## RECORDS TO USE
┄┄┄┄┄┄

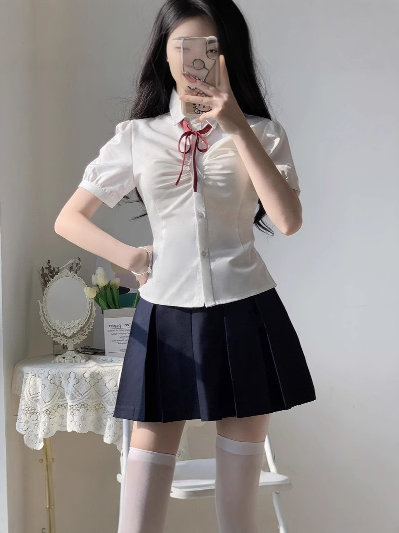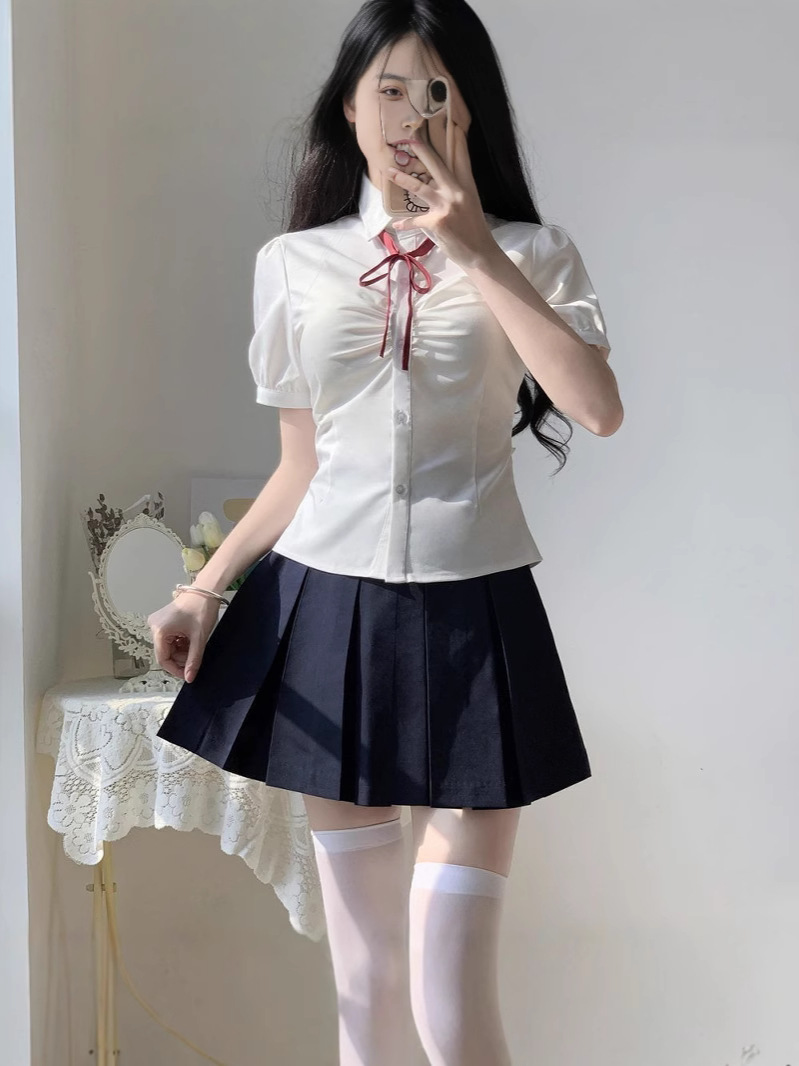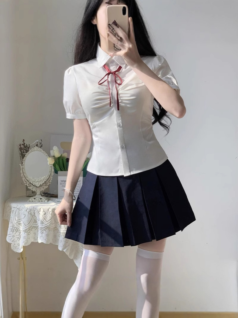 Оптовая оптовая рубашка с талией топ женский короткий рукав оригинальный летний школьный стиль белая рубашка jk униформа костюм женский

┄┄┄┄┄┄

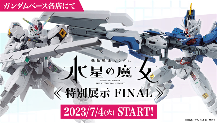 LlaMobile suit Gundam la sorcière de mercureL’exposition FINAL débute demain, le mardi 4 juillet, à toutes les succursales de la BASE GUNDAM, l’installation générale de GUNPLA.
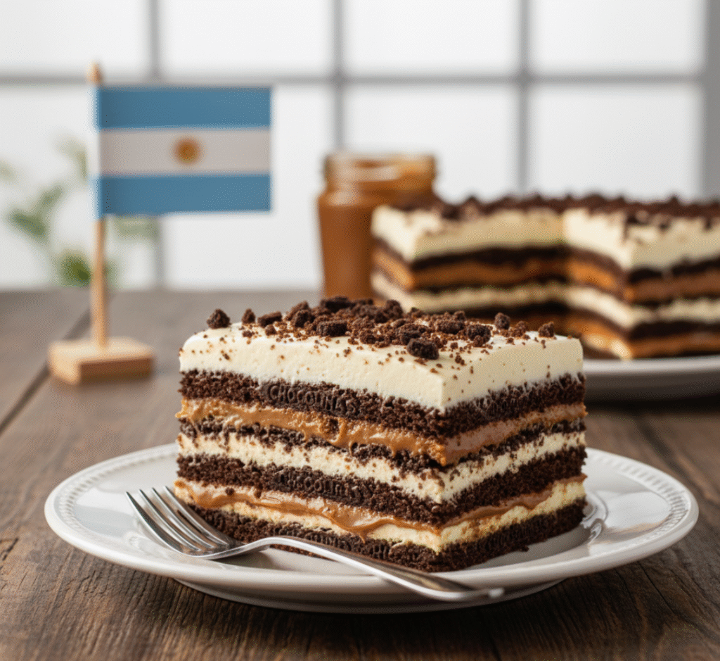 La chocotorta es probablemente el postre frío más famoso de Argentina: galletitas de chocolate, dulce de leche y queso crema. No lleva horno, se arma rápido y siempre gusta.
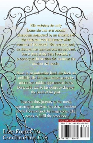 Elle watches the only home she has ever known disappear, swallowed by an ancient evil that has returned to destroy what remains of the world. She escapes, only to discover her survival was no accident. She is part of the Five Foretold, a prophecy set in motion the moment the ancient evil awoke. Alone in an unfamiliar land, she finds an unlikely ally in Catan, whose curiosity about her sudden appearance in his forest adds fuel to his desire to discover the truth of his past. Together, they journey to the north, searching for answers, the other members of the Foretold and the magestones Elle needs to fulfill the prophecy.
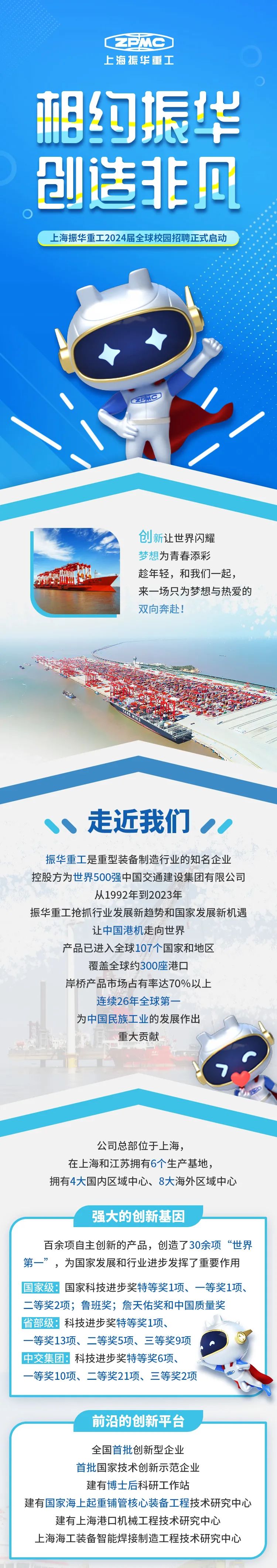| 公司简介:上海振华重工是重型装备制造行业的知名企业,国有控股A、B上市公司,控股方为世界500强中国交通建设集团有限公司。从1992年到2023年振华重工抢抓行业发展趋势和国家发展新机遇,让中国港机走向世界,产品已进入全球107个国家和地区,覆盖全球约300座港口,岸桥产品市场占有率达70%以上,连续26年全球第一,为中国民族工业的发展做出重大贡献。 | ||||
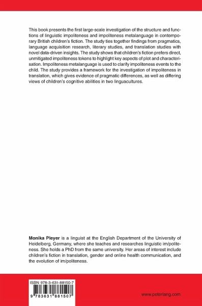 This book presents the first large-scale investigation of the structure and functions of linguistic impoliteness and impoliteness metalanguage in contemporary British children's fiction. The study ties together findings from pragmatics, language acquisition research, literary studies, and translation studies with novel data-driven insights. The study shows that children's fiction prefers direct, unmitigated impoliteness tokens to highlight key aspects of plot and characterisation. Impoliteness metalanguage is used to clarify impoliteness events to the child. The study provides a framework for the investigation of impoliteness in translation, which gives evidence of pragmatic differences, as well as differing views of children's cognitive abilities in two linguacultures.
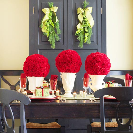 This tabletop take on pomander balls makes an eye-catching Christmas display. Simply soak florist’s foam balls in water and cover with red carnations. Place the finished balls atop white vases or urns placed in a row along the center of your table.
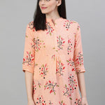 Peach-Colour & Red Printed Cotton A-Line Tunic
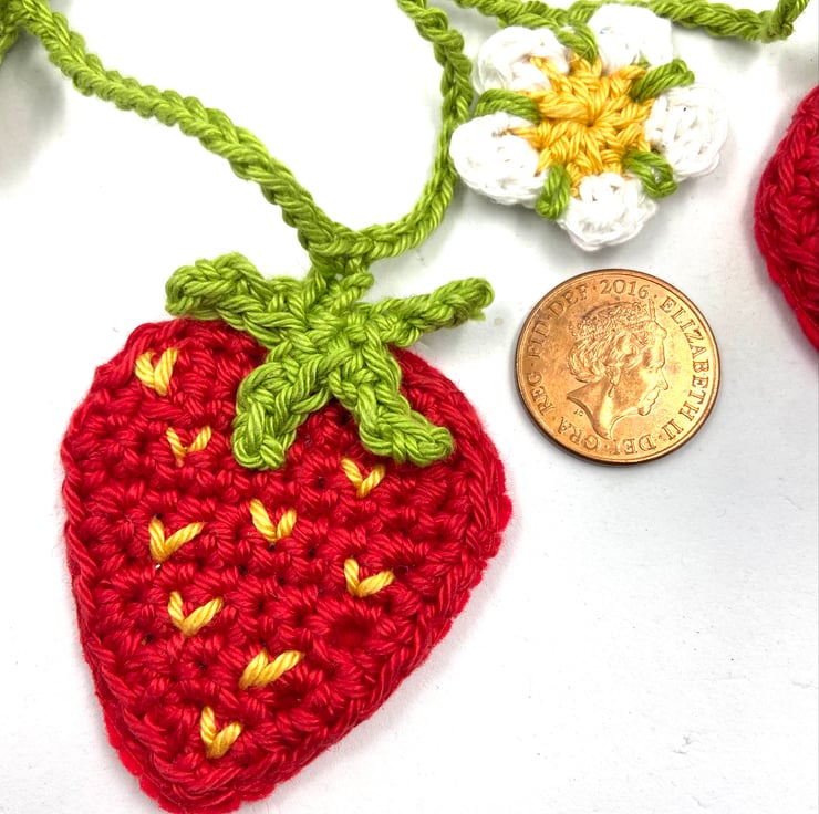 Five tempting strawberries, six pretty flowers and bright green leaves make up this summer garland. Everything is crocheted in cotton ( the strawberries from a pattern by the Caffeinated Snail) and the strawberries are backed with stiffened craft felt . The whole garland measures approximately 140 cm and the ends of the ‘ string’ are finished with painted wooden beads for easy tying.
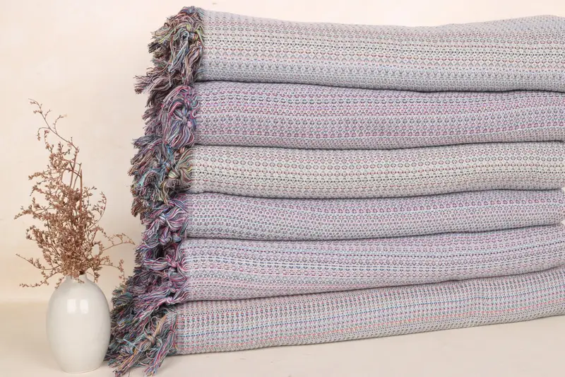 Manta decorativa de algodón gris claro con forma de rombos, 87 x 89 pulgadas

┄┄┄┄┄┄

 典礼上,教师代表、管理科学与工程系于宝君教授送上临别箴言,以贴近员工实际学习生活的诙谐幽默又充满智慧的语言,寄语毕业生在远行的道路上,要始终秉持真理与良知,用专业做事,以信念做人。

┄┄┄┄┄┄

## TASK DETAILS
Range to copy from the listing above: the line with "This tabletop take" through the line with "Peach-Colour & Red". Transcribe it exactly and skip the pictures.

## TASK RESPONSE
 This tabletop take on pomander balls makes an eye-catching Christmas display. Simply soak florist’s foam balls in water and cover with red carnations. Place the finished balls atop white vases or urns placed in a row along the center of your table.
 Peach-Colour & Red Printed Cotton A-Line Tunic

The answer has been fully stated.